1. Field of the Invention
The present invention generally relates to a device for detecting objects which have been transferred to operate a switch. The device has a contact which comes into contact with a set position (for example, a terminal) of a different kinds of objects, such as a digital video cassette (DVC) and all other types of cassette, a FD and all other types of discs, and so on. The objects have been transferred to operate a switch and thereby, perform different electrical detecting operations. More particularly, the present invention provides a device for detecting objects which have been transferred to operate a switch, wherein the device includes a flexible spring part formed between a mounting plate part and a U-shaped spring part in a contact spring piece, made of a plate spring. The device further includes the mounting plate part, the U-shaped spring part, and a contact part so as to allow for making the spring span longer to equalize, with high precision, the required load for the contact spring piece (i.e., the contact pressure of the contact with the object) and at the same time, to drastically improve the durability of the contact spring piece.
2. Discussion of Background
A device for detecting an object transferred to operate a switch has been conventionally used, wherein a set position of the transferred object, such as a DVC, other types of cassettes, etc., comes into contact with a contact of a contact spring piece to operate the switch, thereby performing different electrical detecting operations. Two kinds of devices have been used for detecting the object transferred to operate the switch, namely, one in which a contact spring piece is made of wire, and another in which a contact spring piece is made of a narrow and long plate spring piece.

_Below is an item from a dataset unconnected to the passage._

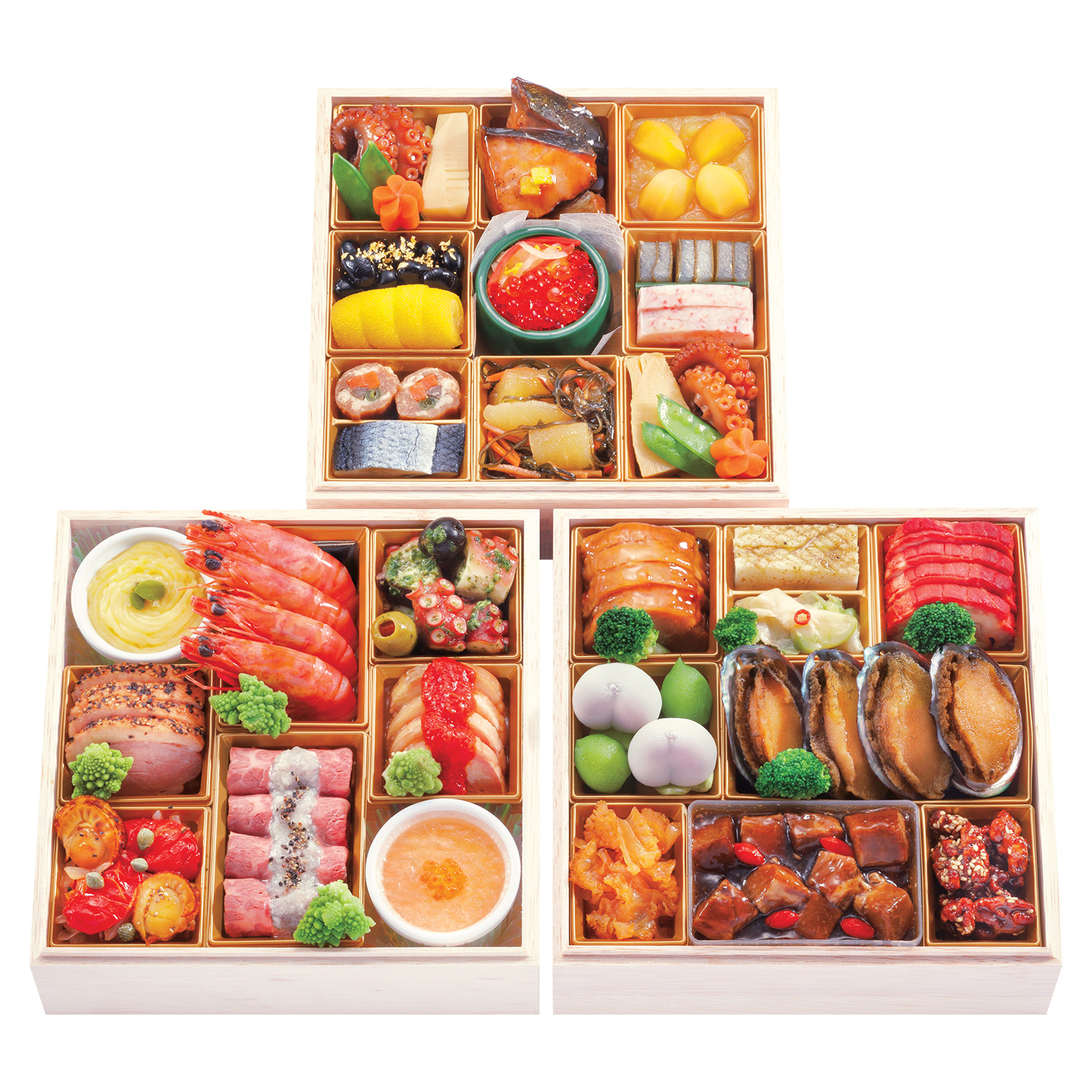 筍旨煮、味付絹さや、椎茸旨煮、蛸やわらか煮、鰤照焼 柚子添え、栗きんとん オレンジ風味、黒豆金箔、網笠柚子、いくらなます、かじき昆布〆、蟹真丈、豚八幡巻、鰊酢〆、数の子醤油漬、梅人参

The device for detecting an object, which has been transferred to operate a switch and which uses the contact spring piece made of wire as described above, is prepared, for example, as shown in FIG. 9. Referring to FIG. 9, a coil part 108 is shown as being elongatedly attached to the top of an upright mounting part 101. A contact spring piece A1 is elongatedly equipped with an angled contact part 103. The angled contact part 103 is the lower part of the contact spring piece A1. An upright mounting part 101 is inserted into a hole or slit 106 of a back plate 105 of an L-shaped insulating stock 104 and is fixed in the hole of slit 106. A lower end of the upright mounting part 101 extends outwardly past a lower end of a base 107 of the L-shaped insulating stock 104 to form a terminal 101a. A shaft 111 is inserted into the coil part 108. The angled contact part 103 extends outwardly in front of the back plate 105 of the L-shaped insulating stock 104. A lower end of the angled contact part 103 presses against the front end of a slit 110 of the base 107 of the L-shaped insulating stock 104.

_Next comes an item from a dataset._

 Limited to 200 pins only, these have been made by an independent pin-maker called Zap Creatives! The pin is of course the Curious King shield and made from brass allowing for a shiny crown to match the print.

Referring to FIG. 9, an object 109 is shown as being moved in a downward direction so as to contact an upper part of the angled contact part 103. Once contact between the object 109 and the angled contact part 103 is established, the object 109 is then continued to be moved downwardly towards a contact or top 103a of the angled contact part 103, while being in contact with the angled contact part 103. The contact between the object 109 and the angled contact part 103 creates a downwardly-directed load L1 and a cross-direction load L2 on the angled contact part 103. The downwardly-directed load L1, which moves the angled contact part 103 downwardly towards the bottom surface of the L-shaped insulating stock 104, is added to the cross-direction load L2, which moves the angled contact part 103 backwardly in the direction of the front surface of the back plate 105. The downwardly-directed load L1 and cross-direction load L2 act as a force for winding a coil of the coil part 108 so that a set position or terminal (not shown) of the object 109 contacts the contact or top 103a of the angled contact part 103. A bending load P5 is applied to the upper part of the contact spring piece A1 to compress and bend the angled contact part 103 of the contact spring piece A1 and the coil part 108 in cross-direction so as to operate the switch in order to perform detection of the object 109.
However, the detecting device of FIG. 9 has disadvantages with respect to the contact spring piece A1 which is made of wire and these disadvantages will be described in more detail, as follows:
(1). Since the coil part 108 is formed by three or four circular windings forming a coil, a certain amount of space is required, i.e., enough space for a shaft 111 of a predetermined diameter and for the width of the three or four circular windings of the coil. Therefore, further miniaturization of the detecting device is made more difficult to accomplish.
(2). Uniform and precise fabrication is not feasible because of the wire making up the contact spring piece A1. In other word, scatter occurs in every contact spring piece A1, particularly, in the spring constant.
(3). Since a shaft 111 should be inserted within the three or four windings of the coil of the coil part 108, the efficiency of the assembly is poor.
(4). Gold-plating of the angled contact part 103 is necessary, but it is not possible to gold-plate only the angled contact part 103 of the contact spring piece A1 because the wire material making up the contact spring piece is long and continuous and therefore, the overall length of the wire must be gold-plated with expensive gold, so that material costs are raised approximately two to three times what they would be if only the angled contact part 103 of the contact spring piece A1 had to be gold-plated.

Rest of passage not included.